## Problem requirements:
Retype every entry word for word. Omit the pictures.

++++ Material shown

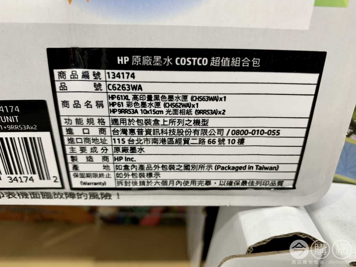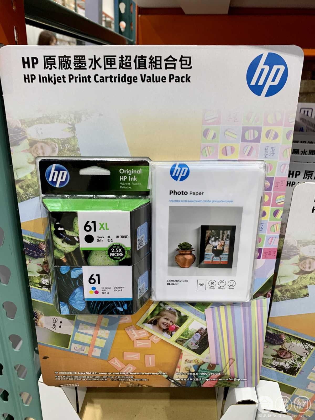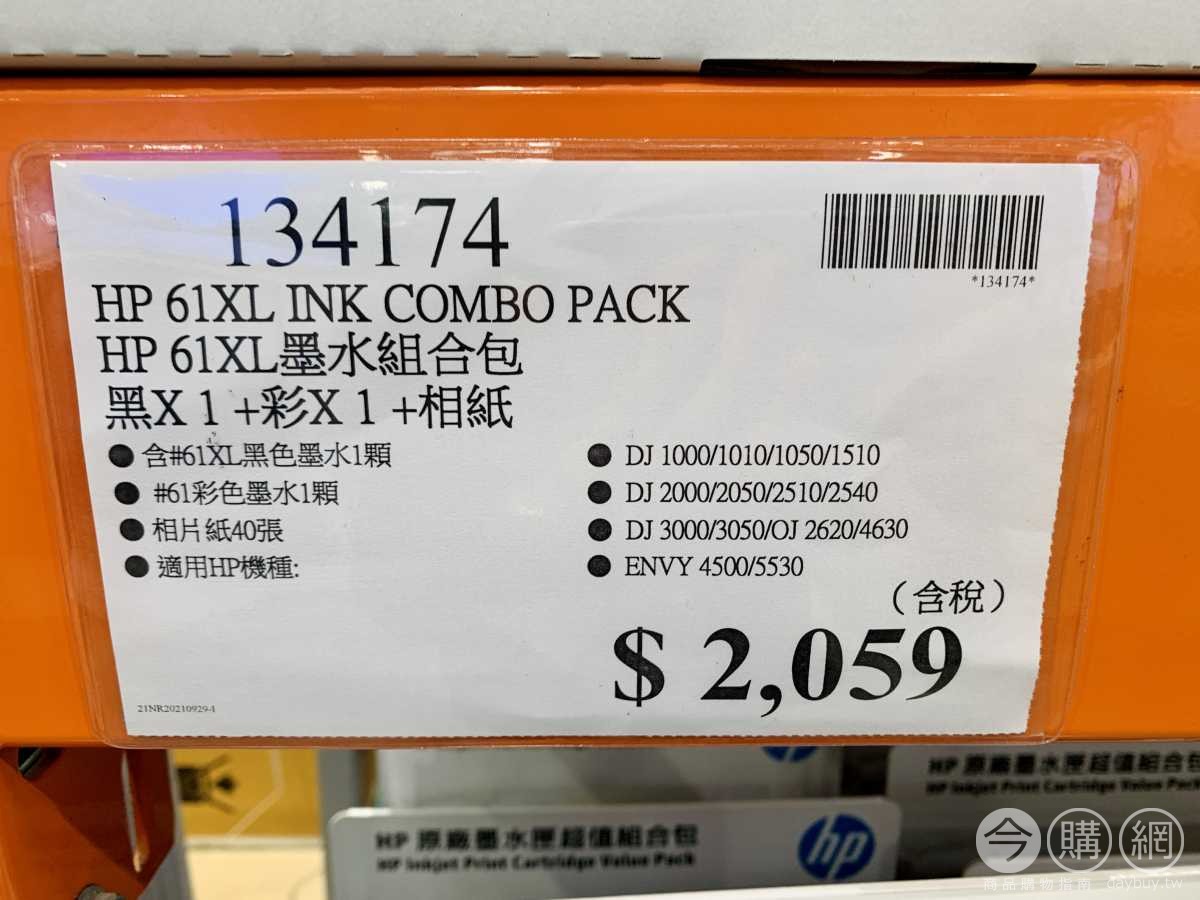 含61XL黑色墨水1顆,61彩色墨水1顆,相片紙40張。適用HP機種:DJ 1000/1010/1050/1510,DJ 2000/2050/2510/2540,DJ 3000/3050/OJ2620/4630,ENVY 4500/5530。
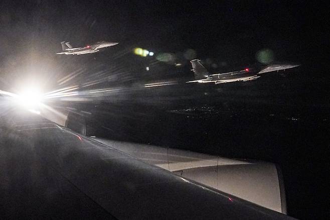 [성남=뉴시스] 김진아 기자 = 문재인 대통령이 국군유해와 함께 탑승한 공군1호기가 23일 대한민국 한국방공식별구역(KADIZ)으로 들어서자 공군 F-15K 전투기가 호위 비행하고 있다. 2021.09.23. bluesoda@newsis.com
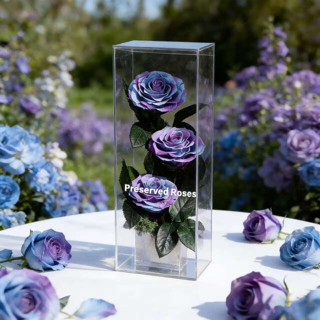作品のサイズは約12 x 12 x 28cmで、高級感のある透明なギフトボックスに梱包されているので、どなたにも安心してお贈りいただけます。また、ボックスは花を埃や湿気から守り、より長く美しい状態を保つことができます。
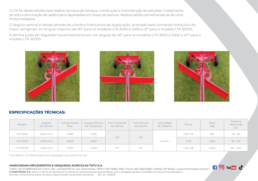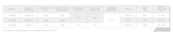 A LTA foi desenvolvida para realizar serviços de terraços, construção e manutenção de estradas, nivelamento do solo e eliminação de saliências e depressões em áreas da lavoura. Realiza tarefas semelhantes às de uma motoniveladora. O ângulo vertical é obtido através de cilindros hidráulicos de dupla ação, acionado pelo comando hidráulico do trator, atingindo um ângulo máximo de 20º.
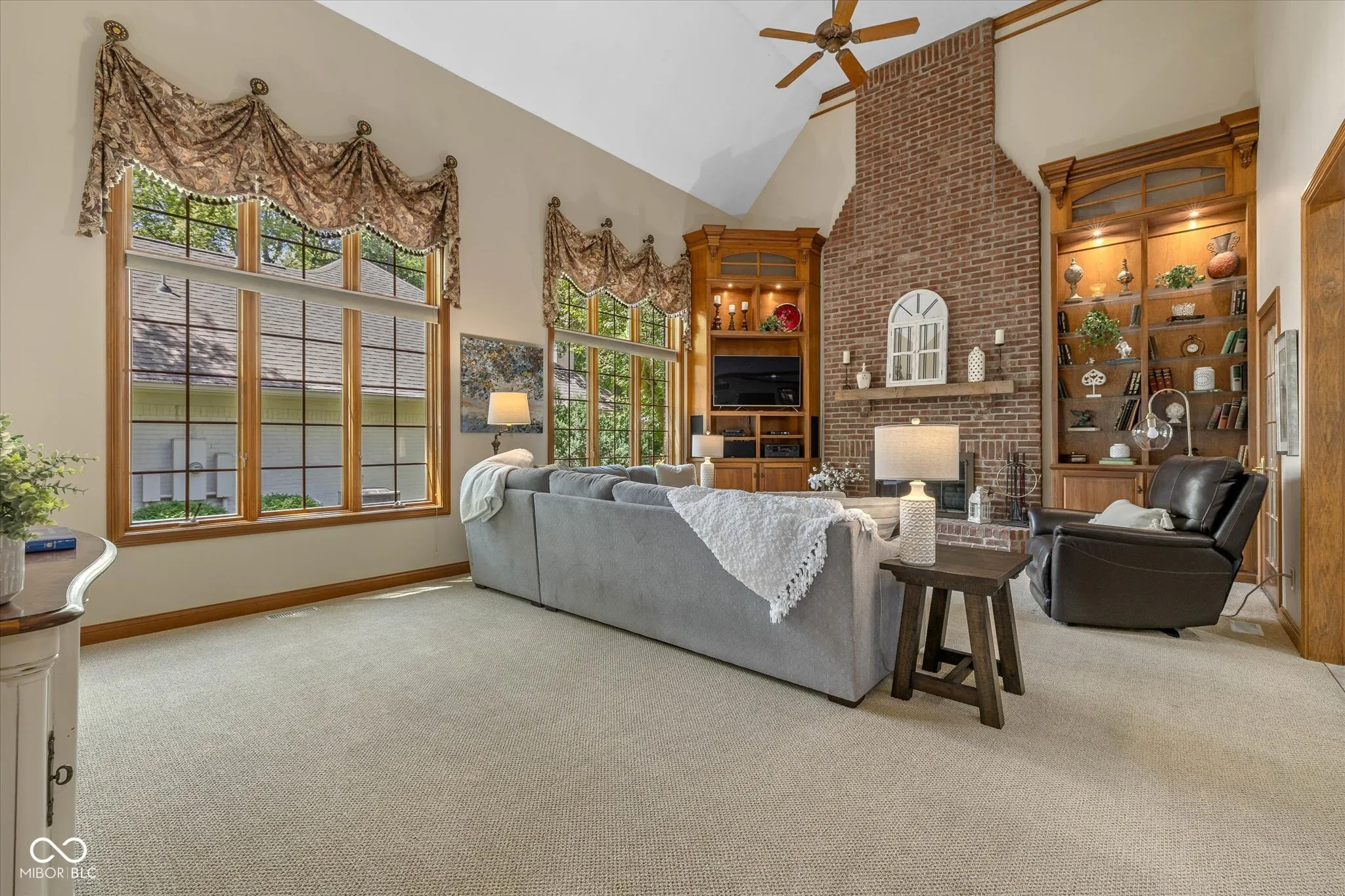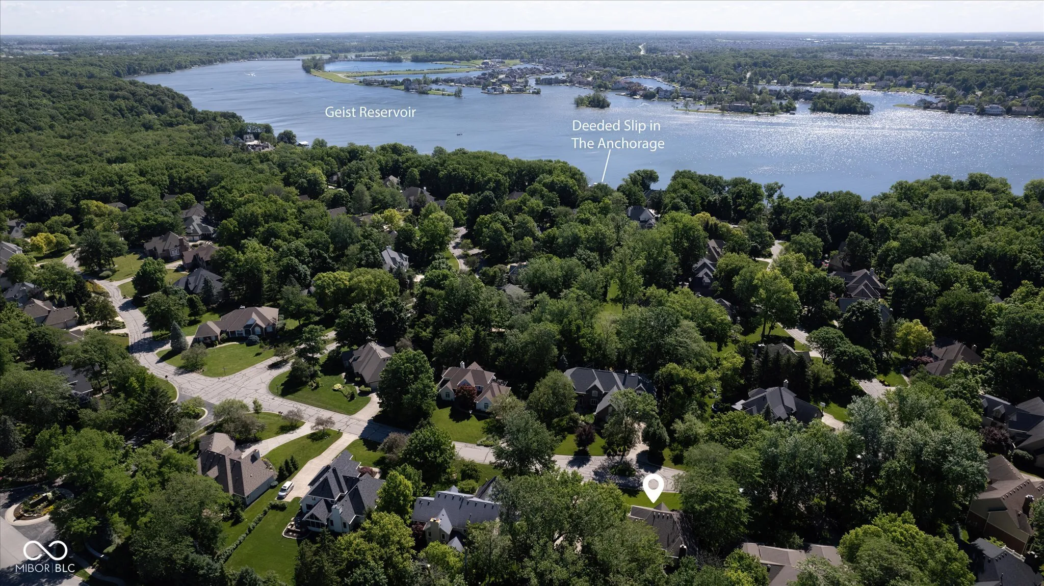 Come home to the Anchorage, a coveted treelined, secure GATED neighborhood in Fishers, and experience a lifestyle like no other. Discover the bliss of a DEEDED BOAT DOCK and lift on GEIST, inviting you to escape into the refreshing waters. This extraordinary property boasts 5 bedrooms and 4.5 bathrooms, thoughtfully designed across over 5,300 square feet. With a spacious 4+ CAR GARAGE, your storage needs are well met for your vehicles, boat and other fun adult motorize toys!! Inside, an updated Master Suite awaits, with SOAKER TUB and large WALK IN SHOWER, separate WIC and dual vanities – truly MASTER SUITE. To make the daily chores less tedious the LAUNDRY is conveniently located upstairs. The basement is perfect for entertaining, complete with a BUILT-IN BAR, kegerator and appliances which connects to your theater area along with a BONUS ROOM and/or your 5th bedroom. If working from home is a need, a beautiful main level DEN exists or if a quieter environment is required a great tucked away OFFICE awaits you in the basement. The main level will always feel like “home” with the two story GREAT ROOM and brick FIREPLACE and built-ins, overlooking your SCREENED IN PORCH and deck. Oversized kitchen with SS appliances, a BUTLER’S PANTRY and separate formal DINING ROOM make entertaining family and friends a breeze. This meticulously maintained, ONE OWNER home demonstrates ownership pride and attention to detail along with loads of storage space.
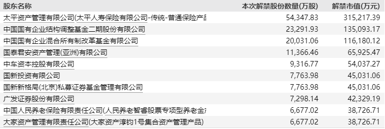 解禁数量超过1亿股的公司12家,中国东航、中国电建、南钢股份三家公司解禁数量超过10亿股。
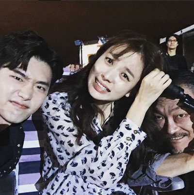 【韩网报道】演员金义圣公开与李钟硕、韩孝周拍摄《W-两个世界》现场的合照。
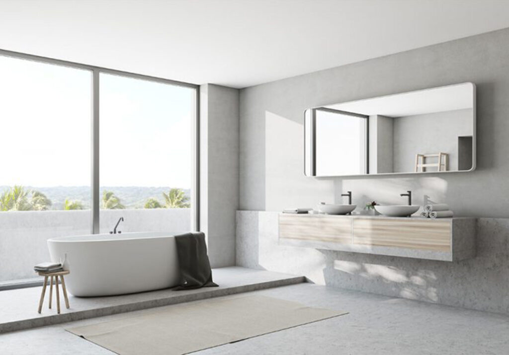 Détente assurée dans cette salle de bains baignée de lumière ! Située en hauteur et sans vis-à-vis, elle offre une vue imprenable sur l’horizon grâce à un grand coulissant positionné face à la baignoire. La décoration épurée peaufine l’ambiance propice au calme et à l’évasion.

++++++++

## Solution:
 含61XL黑色墨水1顆,61彩色墨水1顆,相片紙40張。適用HP機種:DJ 1000/1010/1050/1510,DJ 2000/2050/2510/2540,DJ 3000/3050/OJ2620/4630,ENVY 4500/5530。
 [성남=뉴시스] 김진아 기자 = 문재인 대통령이 국군유해와 함께 탑승한 공군1호기가 23일 대한민국 한국방공식별구역(KADIZ)으로 들어서자 공군 F-15K 전투기가 호위 비행하고 있다. 2021.09.23. bluesoda@newsis.com
作品のサイズは約12 x 12 x 28cmで、高級感のある透明なギフトボックスに梱包されているので、どなたにも安心してお贈りいただけます。また、ボックスは花を埃や湿気から守り、より長く美しい状態を保つことができます。
 A LTA foi desenvolvida para realizar serviços de terraços, construção e manutenção de estradas, nivelamento do solo e eliminação de saliências e depressões em áreas da lavoura. Realiza tarefas semelhantes às de uma motoniveladora. O ângulo vertical é obtido através de cilindros hidráulicos de dupla ação, acionado pelo comando hidráulico do trator, atingindo um ângulo máximo de 20º.
 Come home to the Anchorage, a coveted treelined, secure GATED neighborhood in Fishers, and experience a lifestyle like no other. Discover the bliss of a DEEDED BOAT DOCK and lift on GEIST, inviting you to escape into the refreshing waters. This extraordinary property boasts 5 bedrooms and 4.5 bathrooms, thoughtfully designed across over 5,300 square feet. With a spacious 4+ CAR GARAGE, your storage needs are well met for your vehicles, boat and other fun adult motorize toys!! Inside, an updated Master Suite awaits, with SOAKER TUB and large WALK IN SHOWER, separate WIC and dual vanities – truly MASTER SUITE. To make the daily chores less tedious the LAUNDRY is conveniently located upstairs. The basement is perfect for entertaining, complete with a BUILT-IN BAR, kegerator and appliances which connects to your theater area along with a BONUS ROOM and/or your 5th bedroom. If working from home is a need, a beautiful main level DEN exists or if a quieter environment is required a great tucked away OFFICE awaits you in the basement. The main level will always feel like “home” with the two story GREAT ROOM and brick FIREPLACE and built-ins, overlooking your SCREENED IN PORCH and deck. Oversized kitchen with SS appliances, a BUTLER’S PANTRY and separate formal DINING ROOM make entertaining family and friends a breeze. This meticulously maintained, ONE OWNER home demonstrates ownership pride and attention to detail along with loads of storage space.
 解禁数量超过1亿股的公司12家,中国东航、中国电建、南钢股份三家公司解禁数量超过10亿股。
 【韩网报道】演员金义圣公开与李钟硕、韩孝周拍摄《W-两个世界》现场的合照。
 Détente assurée dans cette salle de bains baignée de lumière ! Située en hauteur et sans vis-à-vis, elle offre une vue imprenable sur l’horizon grâce à un grand coulissant positionné face à la baignoire. La décoration épurée peaufine l’ambiance propice au calme et à l’évasion.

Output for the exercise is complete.